The "Meta Training and Inference Accelerator" (MTIA) is a new family of chips designed to accelerate and cheapen the processing performance of neural networks, called inference. The chip is expected to be in use by 2025. For now, Meta is still relying on Nvidia graphics cards in its data centers.
Like Google's Tensor Processing Units (TPUs), the MTIA is an application-specific integrated circuit (ASIC) chip optimized for the matrix multiplication and activation functions found in neural networks. According to Meta, the chip can handle low and medium-complexity AI models better than a GPU.
With Trainium and Inferentia, Amazon also offers access to AI chips for training and execution in the cloud. Microsoft is said to be working with AMD on AI chips.
Research SuperCluster: Meta's RSC AI supercomputer reaches phase two
In January 2022, Meta unveiled the RSC AI supercomputer, which it said at the time would lay the groundwork for the Metaverse. When fully developed, it is supposed to be the fastest supercomputer specializing in AI calculations. The company has been building this infrastructure since 2020.
According to Meta, the RSC has now reached its second stage with 2,000 Nvidia DGX A100 and 16,000 Nvidia A100 GPUs. The peak performance, according to Meta, is five exaflops. The RSC will be used for AI research in a variety of areas, including generative AI.
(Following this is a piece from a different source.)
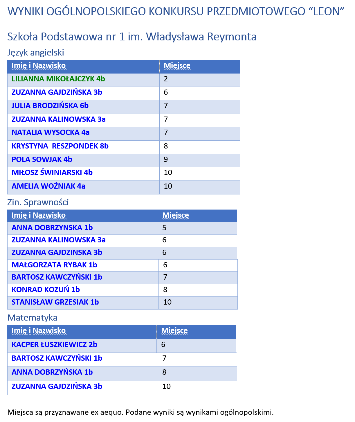 Z ogromną radością informujemy o znakomitych wynikach naszych uczniów w Ogólnopolski Konkurs Przedmiotowy LEON – sesja jesienna 📚✨.

A unique feature of the RSC supercomputer is its ability to use data from Meta's production systems for AI training. Until now, Meta has relied primarily on open-source and publicly available datasets, although the company sits on a huge treasure trove of data.
RSC has already made its mark: Meta trained the LLaMA language model on it, which - partly leaked, partly published - became the engine of the open-source language model movement. According to Meta, training the largest LLaMA model took 21 days on 2,048 Nvidia A100 GPUs.